Given data:
○ ○ ○

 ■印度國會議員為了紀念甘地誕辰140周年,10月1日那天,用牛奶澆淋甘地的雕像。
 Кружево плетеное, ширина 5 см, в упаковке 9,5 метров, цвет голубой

○ ○ ○

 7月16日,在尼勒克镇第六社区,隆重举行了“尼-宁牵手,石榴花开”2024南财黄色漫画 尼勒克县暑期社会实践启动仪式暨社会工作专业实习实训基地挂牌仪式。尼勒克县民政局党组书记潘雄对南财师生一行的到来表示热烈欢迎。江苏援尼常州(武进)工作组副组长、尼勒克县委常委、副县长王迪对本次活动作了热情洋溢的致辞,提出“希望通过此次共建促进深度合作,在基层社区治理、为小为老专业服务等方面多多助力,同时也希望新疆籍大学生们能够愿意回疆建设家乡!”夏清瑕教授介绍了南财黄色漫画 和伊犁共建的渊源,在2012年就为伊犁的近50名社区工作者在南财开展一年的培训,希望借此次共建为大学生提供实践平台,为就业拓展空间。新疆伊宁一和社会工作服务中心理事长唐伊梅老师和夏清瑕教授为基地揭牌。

○ ○ ○

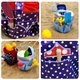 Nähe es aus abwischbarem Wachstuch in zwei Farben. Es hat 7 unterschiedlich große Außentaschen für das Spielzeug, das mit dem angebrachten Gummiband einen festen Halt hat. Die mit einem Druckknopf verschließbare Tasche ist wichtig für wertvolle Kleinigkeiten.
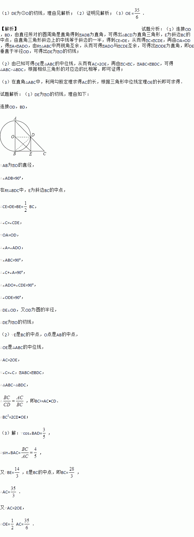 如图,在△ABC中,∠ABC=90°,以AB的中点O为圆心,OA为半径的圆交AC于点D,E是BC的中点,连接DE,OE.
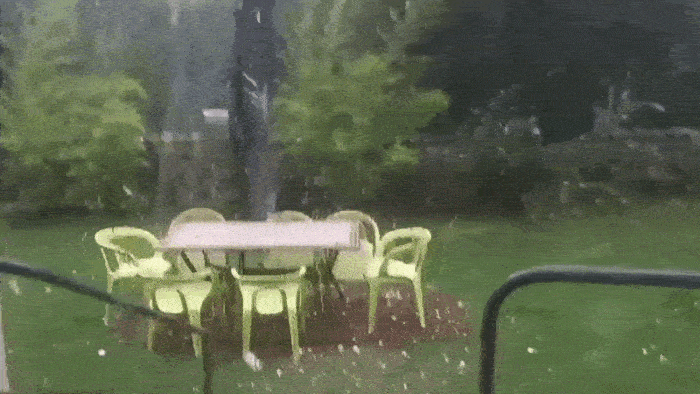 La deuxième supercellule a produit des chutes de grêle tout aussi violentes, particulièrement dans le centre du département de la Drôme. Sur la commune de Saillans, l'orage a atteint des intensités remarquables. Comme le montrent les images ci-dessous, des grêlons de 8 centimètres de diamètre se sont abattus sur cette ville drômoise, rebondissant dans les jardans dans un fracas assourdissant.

○ ○ ○

What the exercise asks: Range to copy from the records above: the line containing "Nähe es aus" to the line containing "La deuxième supercellule", both included. Output those lines exactly and only those, skipping pictures.

Task solution:
 Nähe es aus abwischbarem Wachstuch in zwei Farben. Es hat 7 unterschiedlich große Außentaschen für das Spielzeug, das mit dem angebrachten Gummiband einen festen Halt hat. Die mit einem Druckknopf verschließbare Tasche ist wichtig für wertvolle Kleinigkeiten.
 如图,在△ABC中,∠ABC=90°,以AB的中点O为圆心,OA为半径的圆交AC于点D,E是BC的中点,连接DE,OE.
 La deuxième supercellule a produit des chutes de grêle tout aussi violentes, particulièrement dans le centre du département de la Drôme. Sur la commune de Saillans, l'orage a atteint des intensités remarquables. Comme le montrent les images ci-dessous, des grêlons de 8 centimètres de diamètre se sont abattus sur cette ville drômoise, rebondissant dans les jardans dans un fracas assourdissant.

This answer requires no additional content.